About this exercise
Please restate the records that follow exactly, skipping their images.

··· Records shown ···

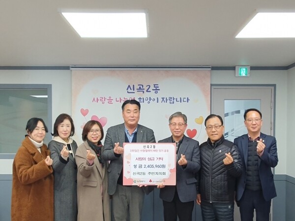 이날 기탁된 성금은 신곡2동 주민자치회 위원들이 모은 회비와 올해 공모사업에 선정되어 받은 상금 80만원으로 마련됐으며 기탁된 성금은 사회복지공동모금회를 통해 관내 복지사각지대 발굴 등 취약계층 지원에 사용될 예정이다.
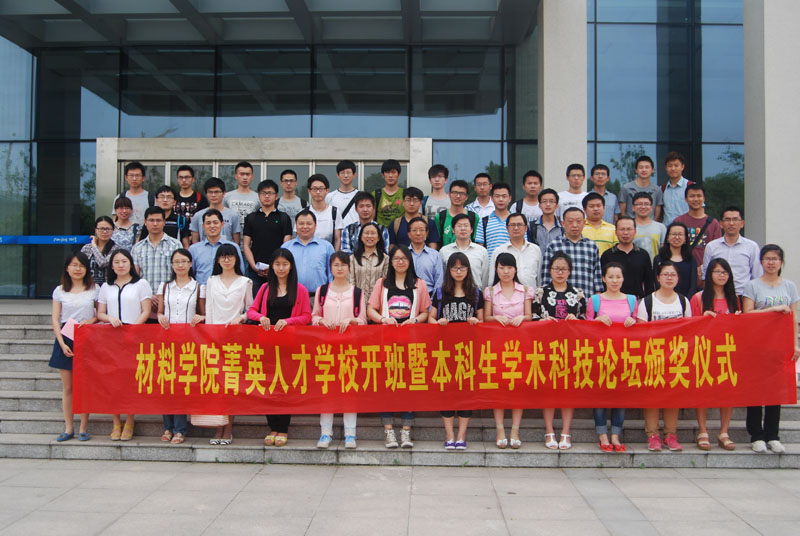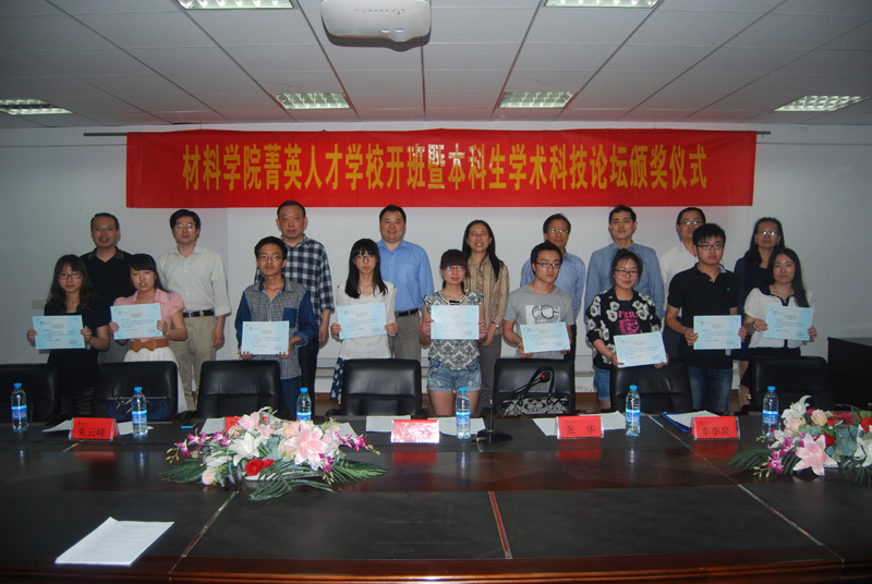 教授宣读了材料学院第九届本科生论坛表彰的决定以及2013年本科生课外学术科技创新实践课题结题通知,然后,由列席的各位教授先后为本科生论坛学生代表、结题同学颁奖和颁发结题通知书。 随后,材料学院党委副书记考宏涛老师宣读了菁英人才学校第三期学员和指导教师名单、2014年本科生课外学术创新实践课题立项通知,并为各位指导老师颁发了聘书,为学生颁发了立项通知书。 仪式上,戚燕俐同学代表第三期学员发言,她认真地分享了自己这一年在菁英班的心得与收获,并且诚挚地感
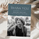 Modern graduation thank you card featuring "Thank You" at the top in white modern lettering with a slate-colored torn edge bordering the graduate's senior photo. Personalize the photo thank you card by adding the graduate's name, school name, and graduation year. The back of the card provides space for your typed or handwritten message.
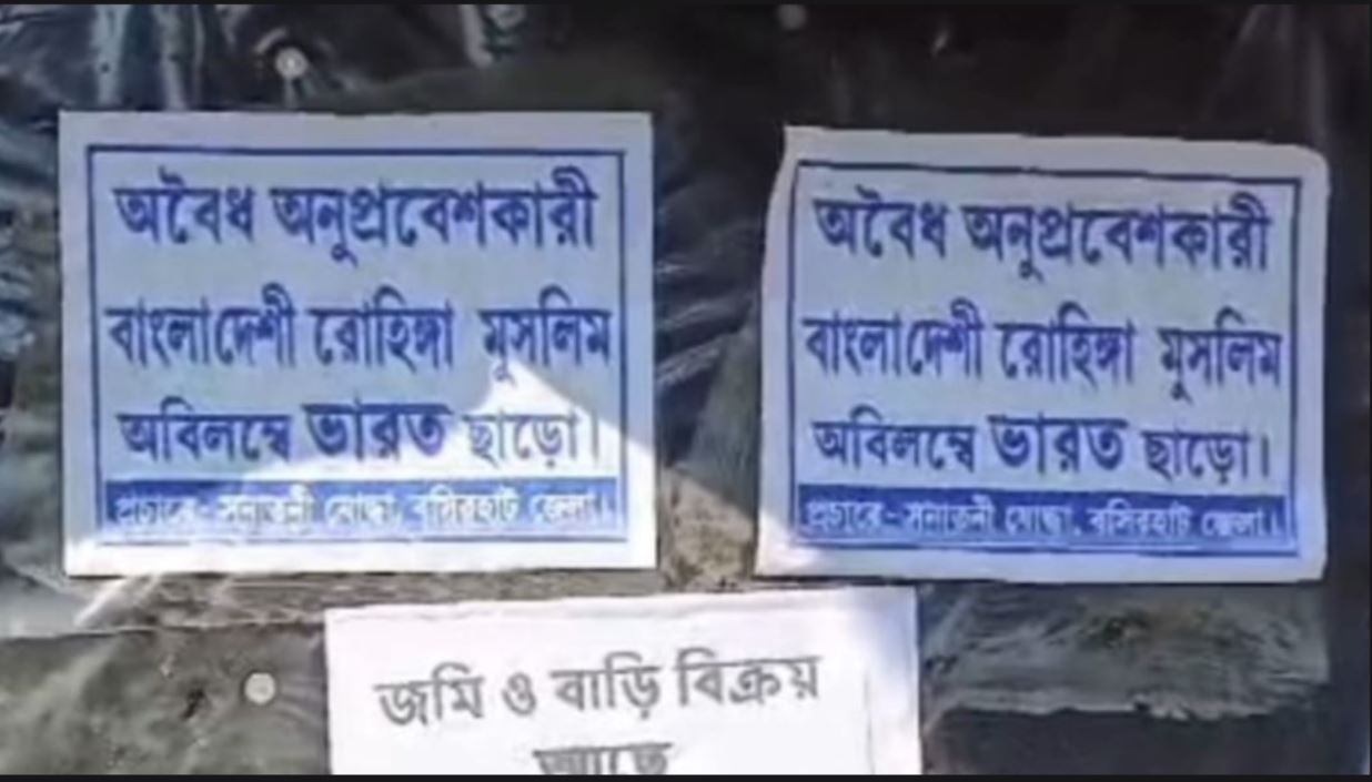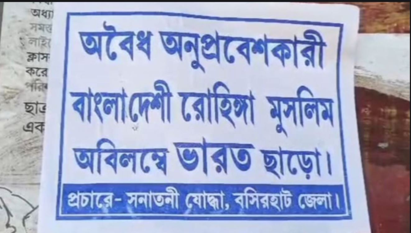 সাদা কাগজে নীল কালিতে ছাপানো সেই পোস্টারে লেখা, ‘অবৈধ অনুপ্রবেশকারী বাংলাদেশি, রোহিঙ্গা মুসলিম অবিলম্বে ভারত ছাড়ো’। এই পোস্টারে হাংলাদেশ সীমান্ত লাগোয়া বসিরহাটে তীব্র চাঞ্চল্য।
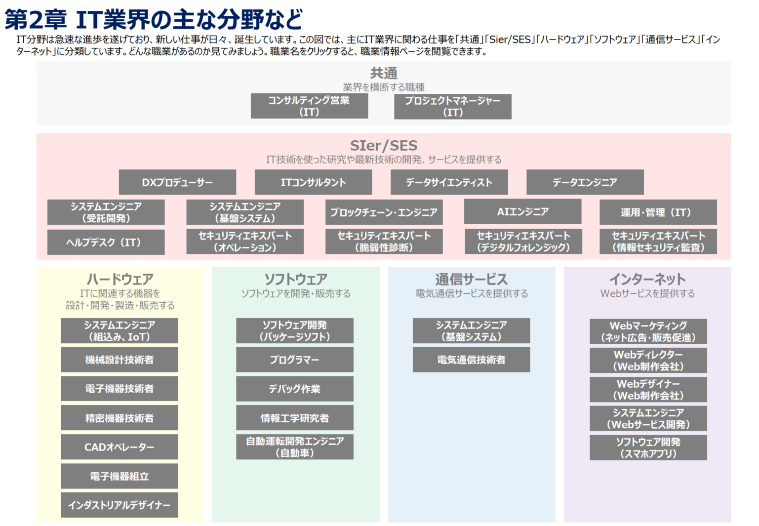 IT分野の主な職種 IT分野の裾野は広く、様々な職種が相互に連携してビジネスを進めています。

···

Your response
 이날 기탁된 성금은 신곡2동 주민자치회 위원들이 모은 회비와 올해 공모사업에 선정되어 받은 상금 80만원으로 마련됐으며 기탁된 성금은 사회복지공동모금회를 통해 관내 복지사각지대 발굴 등 취약계층 지원에 사용될 예정이다.
 教授宣读了材料学院第九届本科生论坛表彰的决定以及2013年本科生课外学术科技创新实践课题结题通知,然后,由列席的各位教授先后为本科生论坛学生代表、结题同学颁奖和颁发结题通知书。 随后,材料学院党委副书记考宏涛老师宣读了菁英人才学校第三期学员和指导教师名单、2014年本科生课外学术创新实践课题立项通知,并为各位指导老师颁发了聘书,为学生颁发了立项通知书。 仪式上,戚燕俐同学代表第三期学员发言,她认真地分享了自己这一年在菁英班的心得与收获,并且诚挚地感
 Modern graduation thank you card featuring "Thank You" at the top in white modern lettering with a slate-colored torn edge bordering the graduate's senior photo. Personalize the photo thank you card by adding the graduate's name, school name, and graduation year. The back of the card provides space for your typed or handwritten message.
 সাদা কাগজে নীল কালিতে ছাপানো সেই পোস্টারে লেখা, ‘অবৈধ অনুপ্রবেশকারী বাংলাদেশি, রোহিঙ্গা মুসলিম অবিলম্বে ভারত ছাড়ো’। এই পোস্টারে হাংলাদেশ সীমান্ত লাগোয়া বসিরহাটে তীব্র চাঞ্চল্য।
 IT分野の主な職種 IT分野の裾野は広く、様々な職種が相互に連携してビジネスを進めています。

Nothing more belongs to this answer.